▶ Records supplied
::::

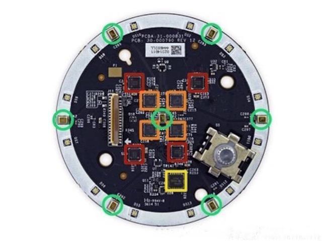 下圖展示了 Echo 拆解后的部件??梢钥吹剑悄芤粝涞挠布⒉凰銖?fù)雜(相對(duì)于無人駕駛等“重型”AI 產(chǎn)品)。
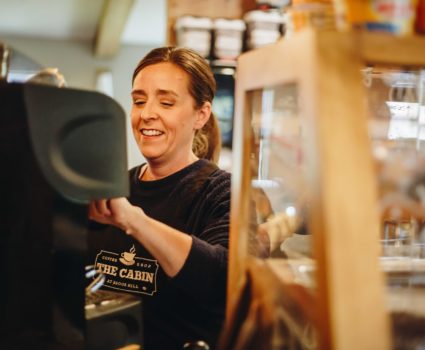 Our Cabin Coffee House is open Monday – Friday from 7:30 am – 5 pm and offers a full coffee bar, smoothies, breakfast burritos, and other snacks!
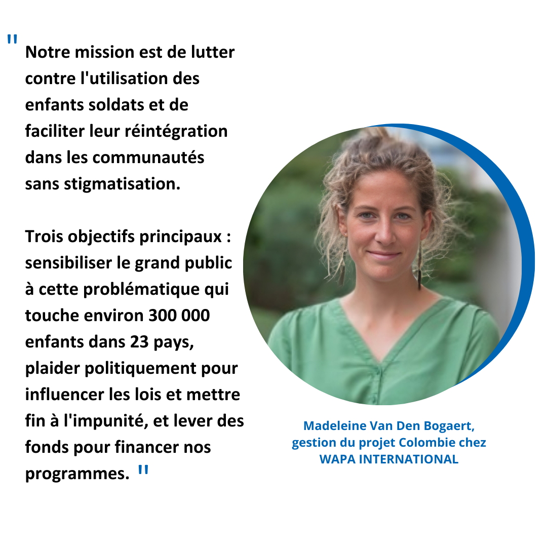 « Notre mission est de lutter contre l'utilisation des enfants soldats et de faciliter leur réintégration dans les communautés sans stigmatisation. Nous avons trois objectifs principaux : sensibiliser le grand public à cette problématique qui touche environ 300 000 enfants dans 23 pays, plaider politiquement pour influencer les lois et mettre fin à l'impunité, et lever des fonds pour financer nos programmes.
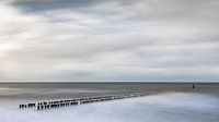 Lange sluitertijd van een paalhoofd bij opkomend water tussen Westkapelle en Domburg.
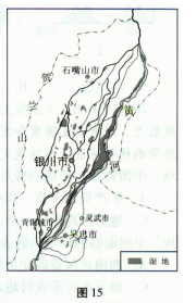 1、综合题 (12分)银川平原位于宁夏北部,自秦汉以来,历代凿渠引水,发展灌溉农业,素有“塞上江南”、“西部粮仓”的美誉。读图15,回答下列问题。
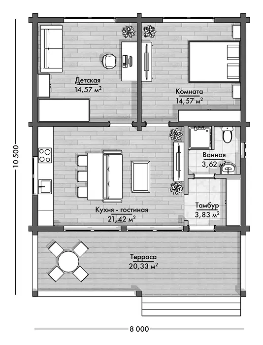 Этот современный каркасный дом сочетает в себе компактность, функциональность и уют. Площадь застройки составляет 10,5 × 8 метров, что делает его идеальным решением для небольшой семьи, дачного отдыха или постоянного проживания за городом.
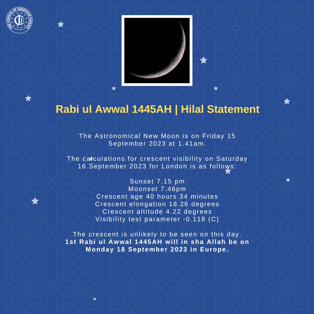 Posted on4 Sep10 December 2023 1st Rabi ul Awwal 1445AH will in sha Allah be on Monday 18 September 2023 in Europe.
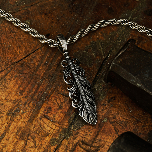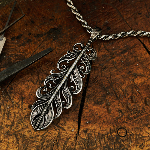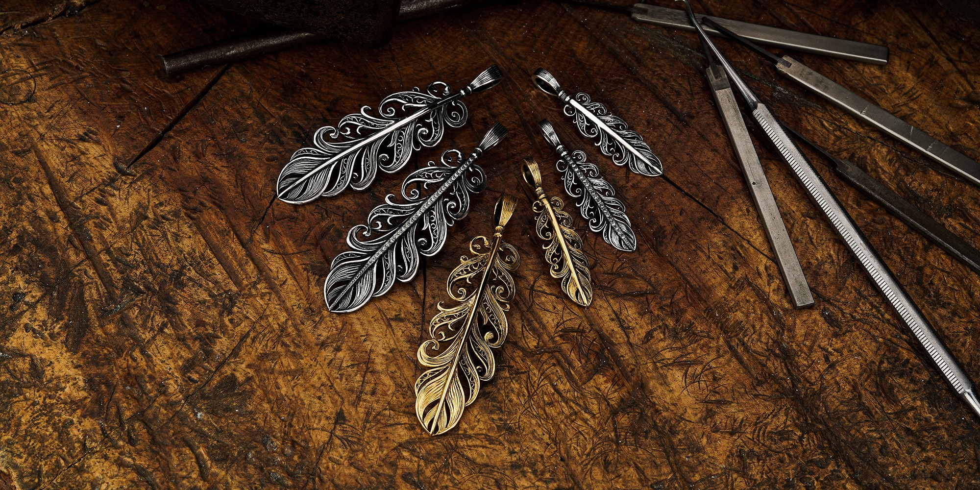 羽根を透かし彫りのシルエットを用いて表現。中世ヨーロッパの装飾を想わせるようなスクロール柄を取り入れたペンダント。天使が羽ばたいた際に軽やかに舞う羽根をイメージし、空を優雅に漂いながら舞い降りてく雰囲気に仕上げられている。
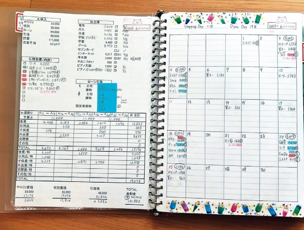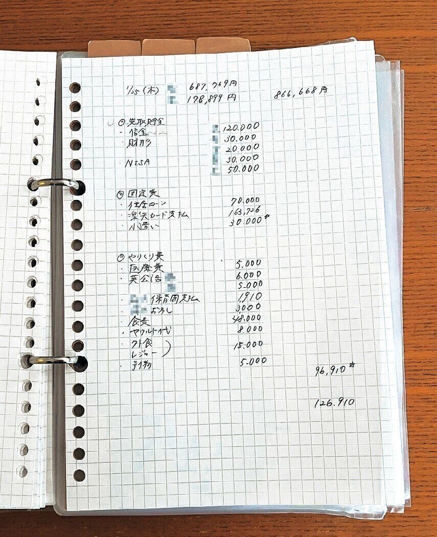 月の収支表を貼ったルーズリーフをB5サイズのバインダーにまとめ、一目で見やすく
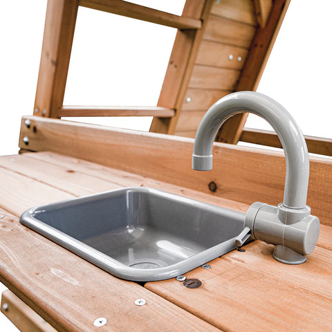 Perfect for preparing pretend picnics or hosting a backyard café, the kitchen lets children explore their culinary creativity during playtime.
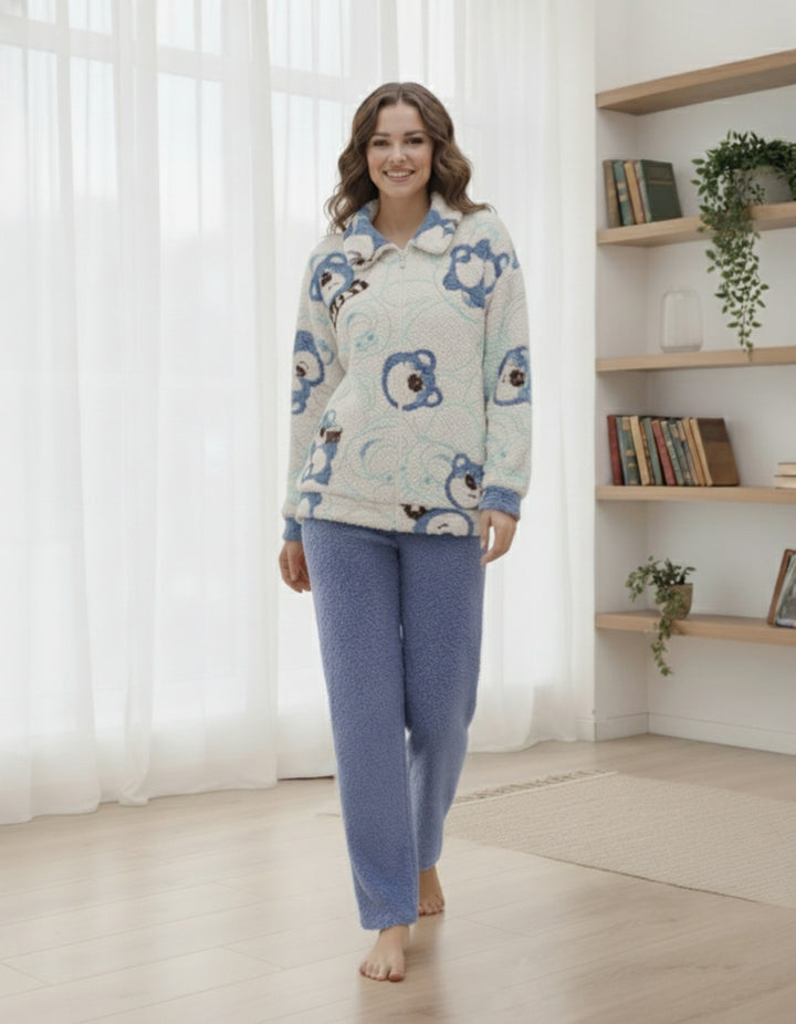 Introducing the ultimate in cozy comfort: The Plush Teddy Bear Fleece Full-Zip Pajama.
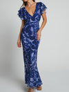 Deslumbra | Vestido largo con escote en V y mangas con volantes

::::

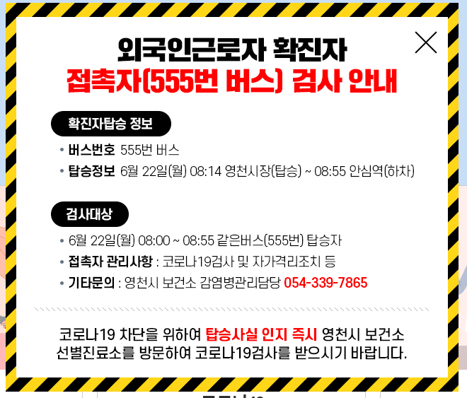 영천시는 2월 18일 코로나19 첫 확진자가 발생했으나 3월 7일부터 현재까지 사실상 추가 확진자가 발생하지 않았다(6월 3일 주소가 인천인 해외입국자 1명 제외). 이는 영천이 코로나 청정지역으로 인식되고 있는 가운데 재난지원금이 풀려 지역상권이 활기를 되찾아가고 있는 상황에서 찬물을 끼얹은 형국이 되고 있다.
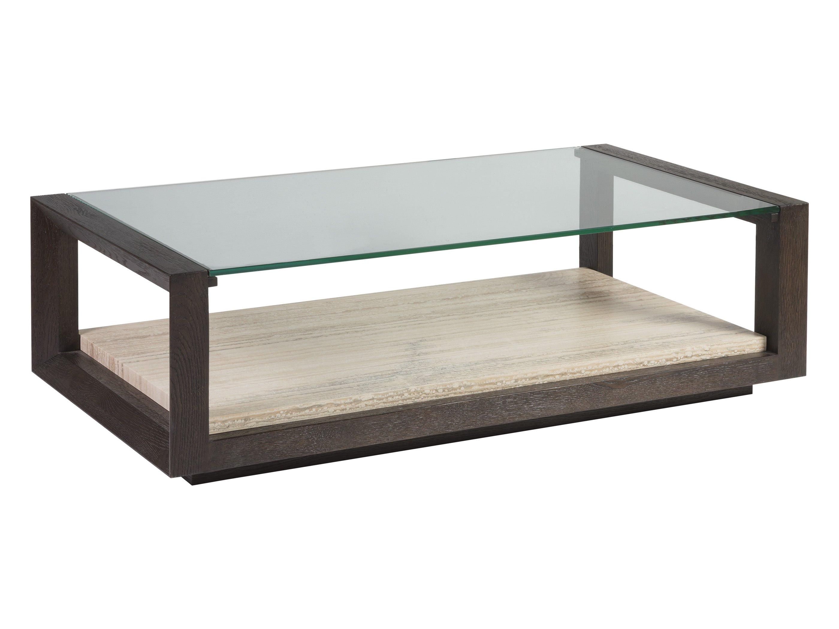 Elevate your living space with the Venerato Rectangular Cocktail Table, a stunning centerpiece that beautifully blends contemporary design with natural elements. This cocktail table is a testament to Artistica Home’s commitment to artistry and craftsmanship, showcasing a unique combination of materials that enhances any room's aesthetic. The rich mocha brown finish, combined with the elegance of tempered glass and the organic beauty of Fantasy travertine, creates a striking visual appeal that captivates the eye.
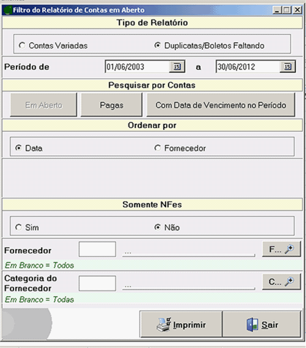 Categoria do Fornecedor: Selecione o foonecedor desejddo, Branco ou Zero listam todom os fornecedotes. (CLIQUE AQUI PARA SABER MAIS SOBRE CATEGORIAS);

::::

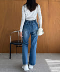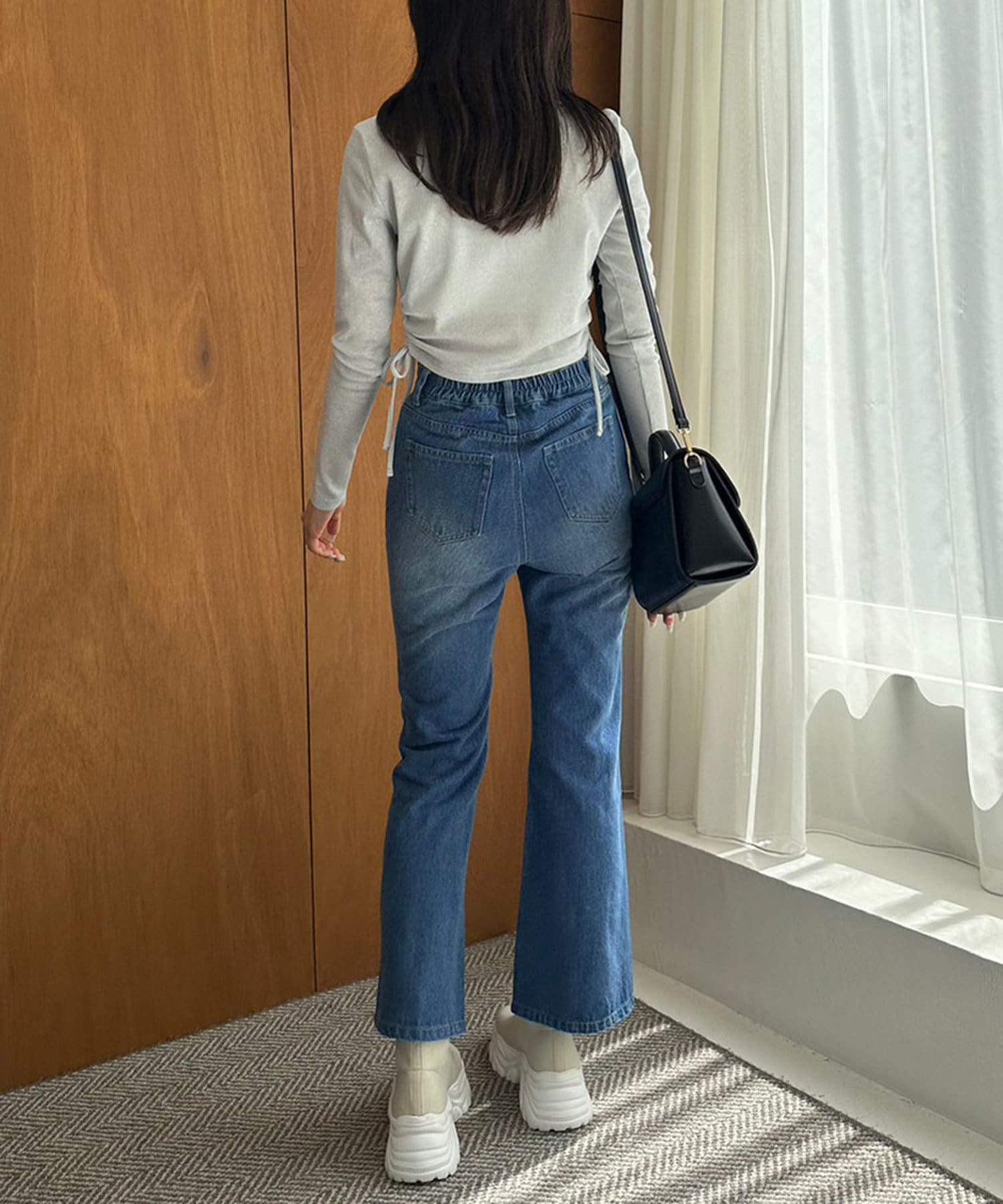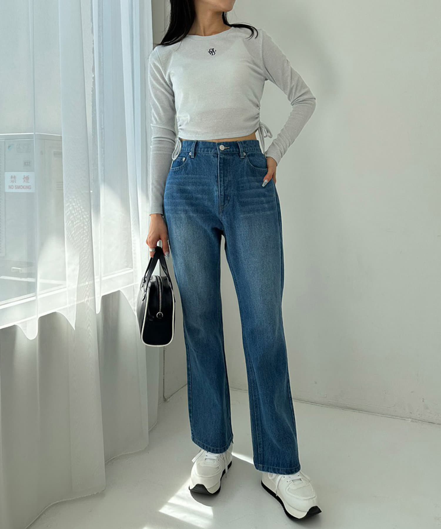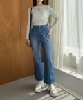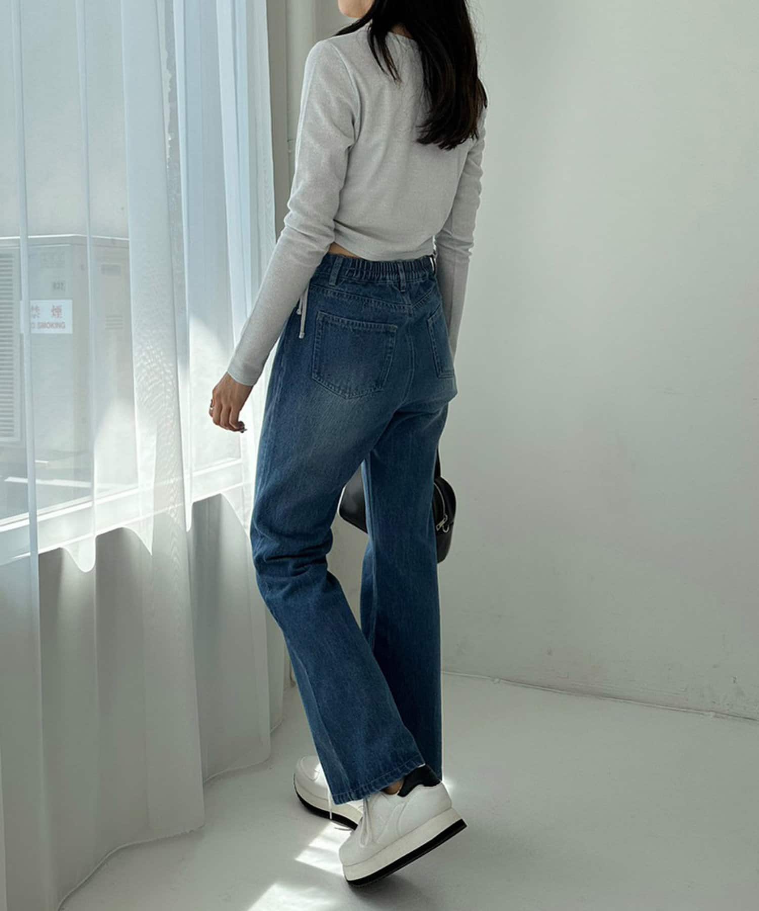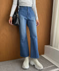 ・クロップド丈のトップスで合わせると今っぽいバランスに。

::::

▶ Problem
Look above for the line with "月の収支表を貼ったルーズリーフをB5サイズのバインダーにまとめ、一目で見やすく" and the line with "Introducing the ultimate", then copy them and all lines in between exactly as written, and only those, without any pictures.

▶ Exercise result
 月の収支表を貼ったルーズリーフをB5サイズのバインダーにまとめ、一目で見やすく
 Perfect for preparing pretend picnics or hosting a backyard café, the kitchen lets children explore their culinary creativity during playtime.
 Introducing the ultimate in cozy comfort: The Plush Teddy Bear Fleece Full-Zip Pajama.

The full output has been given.